THE strong £ is still the most notable factor in depressing second-hand machinery prices this spring. The effect of sterling linked with ever-increasing pressure on farm incomes is taking its toll as potential buyers (both farmers and dealers) look hard at expenditure within their businesses.

In addition, a simple case of supply and demand is at work. There has already been a large number of sales with a lot of good quality equipment on offer this year. Making a sale stand out in this environment is difficult and smaller ones can suffer as a result.

The increasing trend toward contract farming, either whole farm or just a few operations, plus substantial restructuring of farming businesses continues to create a surplus of machinery. When disposing of kit the auction is still the only true test of the open market and is by far the most efficient way of selling.

While there can be no replacement for the traditional on-farm dispersal sale, the opportunity to hold a joint farm sale can provide a new route of disposal for those with a small amount of good quality machinery to sell.

The alternative for many would be to enter machinery in to a collective sale which is often viewed with suspicion as there is rarely openness with regard to those entering equipment.
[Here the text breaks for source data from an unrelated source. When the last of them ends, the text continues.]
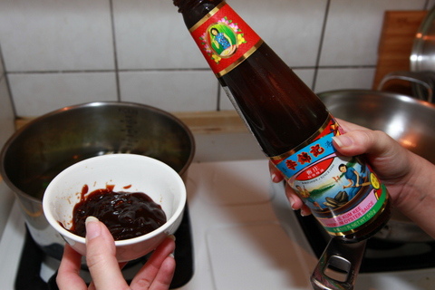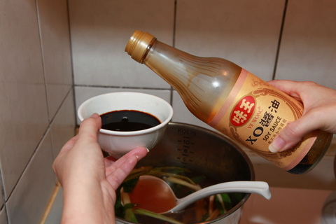 調好的滷汁,可以先試一下味道,若不夠鹹不夠甜可以再酙量增加醬油或蠔油,因為今天是要放電鍋滷,水份並不會因此減少,所以味道可以放足一點,若是用瓦斯爐,基本上醬油與蠔油合計約一碗應該足夠,用瓦斯爐烹煮水份會變少味道變鹹,一開始不要下手太重之後可以再慢慢調整。
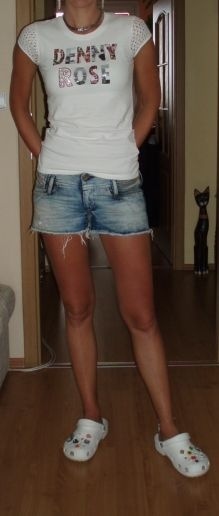 Myslím, že jsou z kolekce 2010, kupovala jsem si je loni. Na sobě jsem je měla pouze párkrát na dovolené. Jsou moc pěkné, krátké. Vel. 38- šířka v pase 38-39cm. Cena za kraťasy je 349,- vč. poštovného.
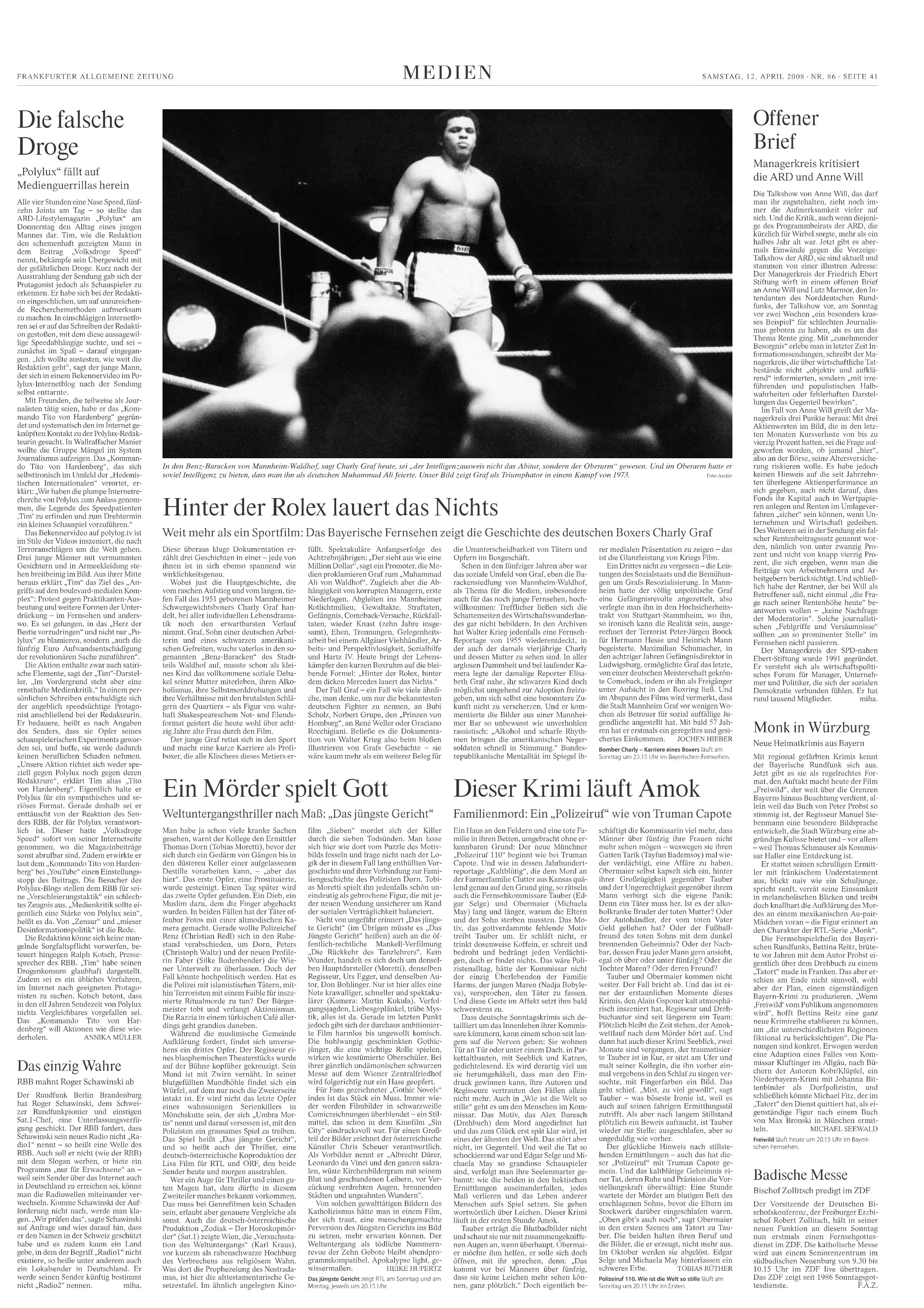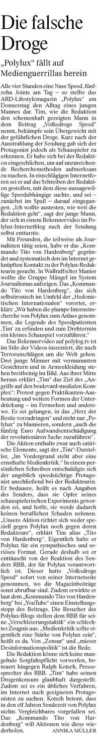 Medienkritik „Die falsche Droge-Polylux fällt auf Medienguerilla herein„, erschienen in FAZ, Feuilleton 12.4.2008: Artikel als PDF-Download: FAZ Medienkritik Polylux 12.4.2008
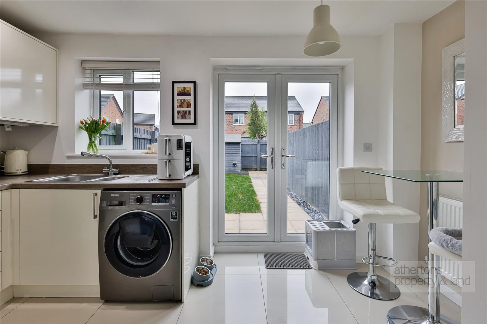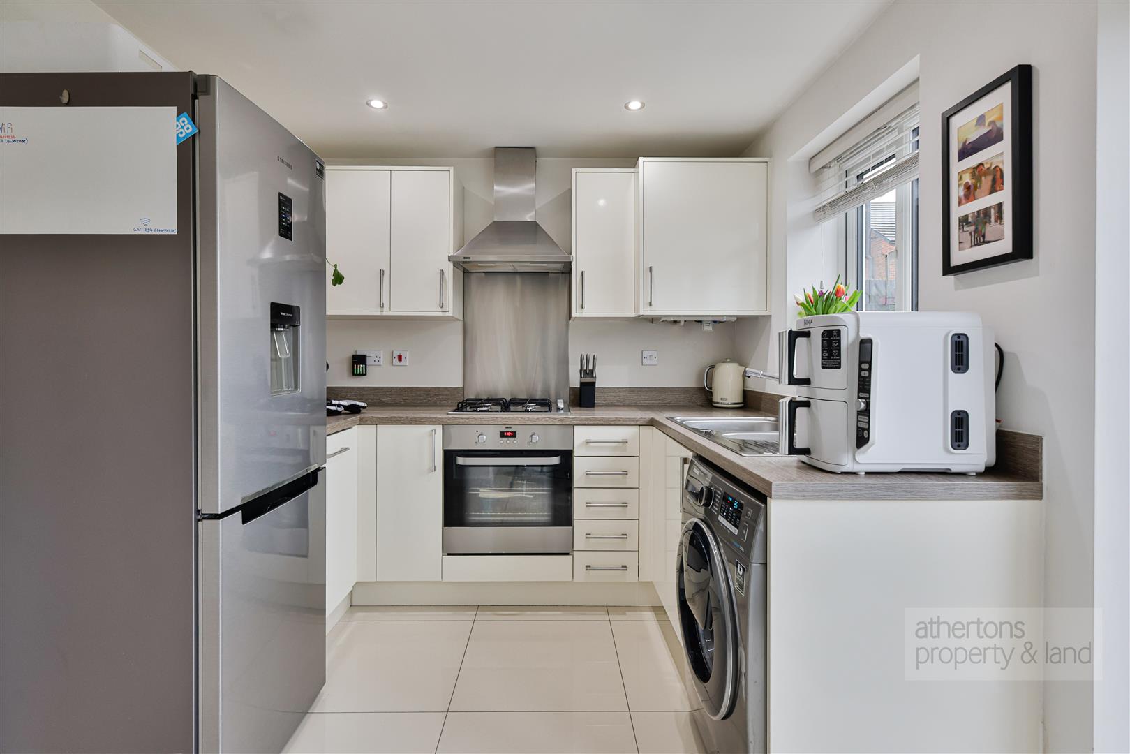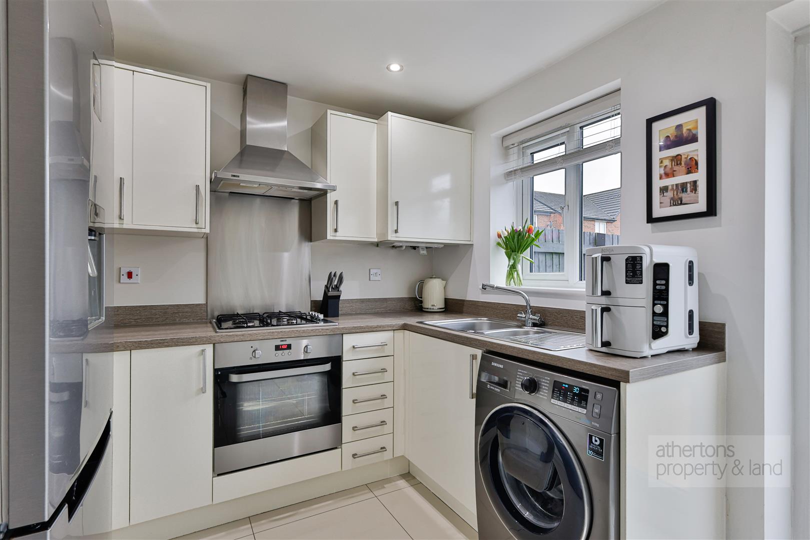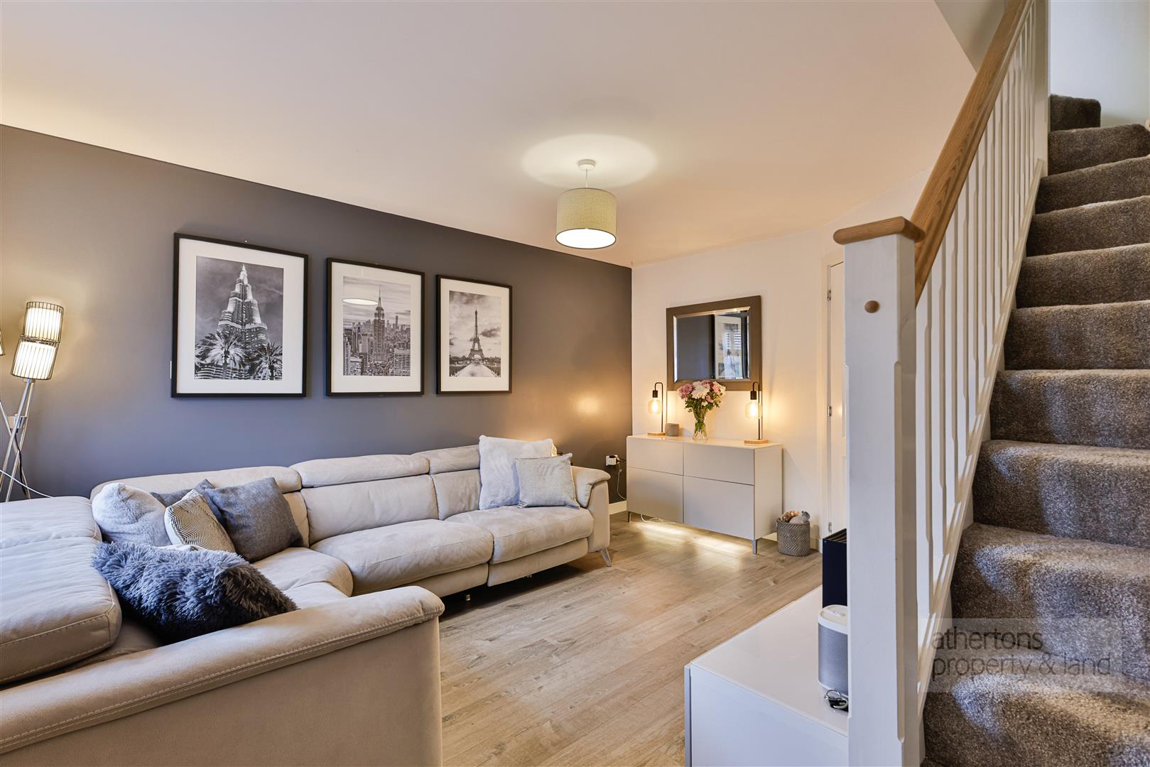 The accommodation is well suited to a wide variety of purchasers and briefly comprises: an entrance porch leading into a welcoming living room, and a modern breakfast kitchen fitted with sleek high-gloss wall and base units. Integrated appliances include a gas hob with extractor, oven and brushed steel splash back, electric oven / grill, space for a fridge and freezer, along with plumbing for a washing machine.
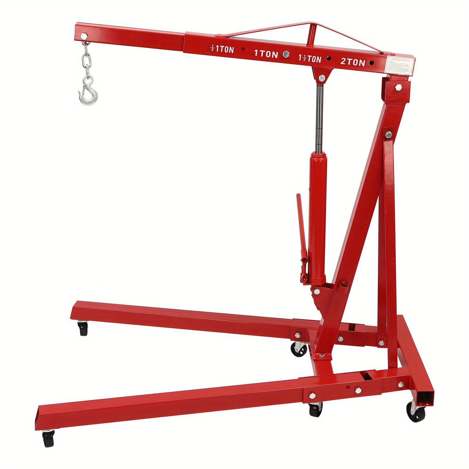 2 Ton Collapsible Engine Lifting Crane, Sturdy Carbon Steel with 6 Iron Caster Wheels (Red) Description
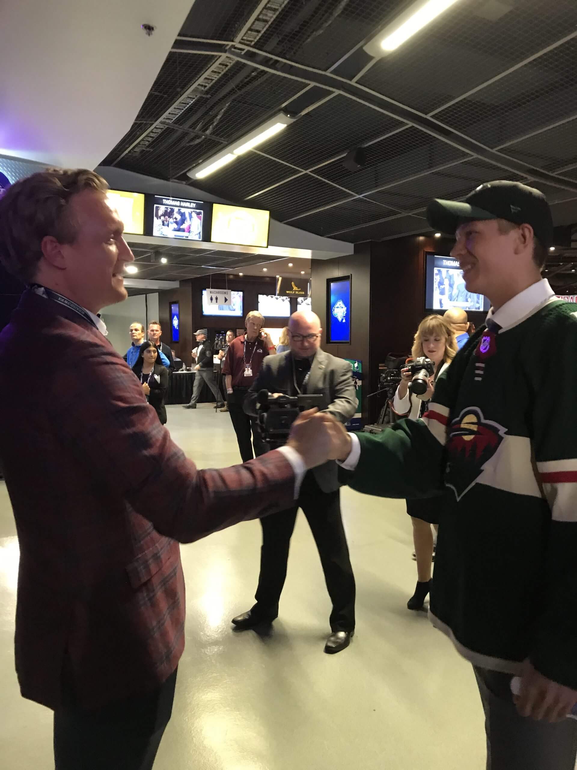 John Wroblewski congratulates Matt Boldy at the 2019 NHL Draft in Vancouver. (Michael Russo / The Athletic)
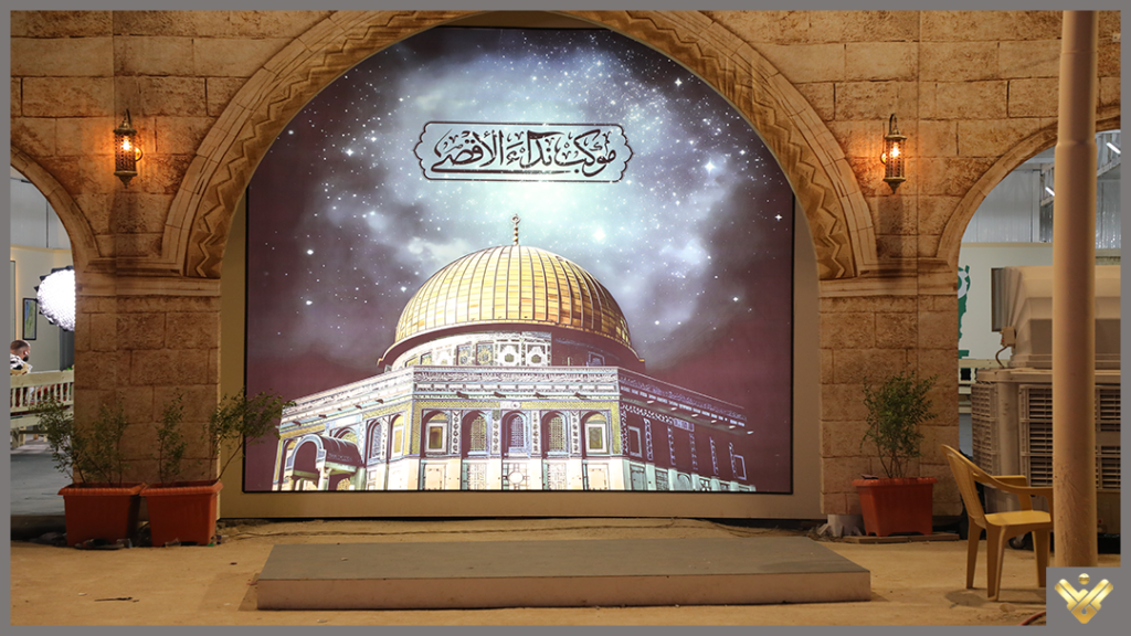 Banner depicting Al-Aqsa Mosque on the Mshaya road between Najaf and Karbala during Arbaeen 2023.

The possibility of purchasing equipment which may have a hidden problem is amplified in this arena. In contrast, the joint farm sale should offer an opportunity to talk with the previous owner which can often allay those fears.

To this end, the joint farm sale should, as far as possible, include machinery from local farmers whose main intention is to sell rather than simply to test the market. Vendors must also be willing to stand by their machine and talk to prospective buyers. This approach will hopefully maintain the premiums normally achieved only at a genuine dispersal.

But there are pros and cons. Vendors must contend with transport costs while auctioneers have the tricky job of finding a suitable location. The sale will still, to a degree, be viewed with suspicion depending on how open the vendors are willing to be. In addition, all parties have to work closely together to ensure its smooth running.

By joining with other vendors costs are spread making the occasion more economical and increasing the budget for marketing the sale itself. In addition, the quality and not just quantity of machinery on offer will help attract buyers from all areas at a time when sales are prevalent and there is real competition for buyers. If things are properly structured, vendors will be encouraged to sell rather than just test the market which is of further benefit to buyers.

Flat-rate commission

The big question is how much will it cost? One option is to level a flat-rate commission and a share of the costs (split in relation to the amount sold) or a simple flat-rate commission with a second tier for reserved machines remaining unsold. These methods are designed to encourage the vendor to be as realistic as possible when selling, either to reduce liability to costs or avoid being charged commission for lots unsold.

The joint farm sale principle is not a new idea, but a reinvention of the collective approach. However, for it to work vendors must be open and realistic in their approach to reap the benefits of strong prices and reduced costs.

It is not to say that the collective sale does not still thrive, but to effectively sell quality machinery at a premium, the joint farm sale principle works. &#42

Richard Bannister advocates joint farm sales to dispose of quality machinery.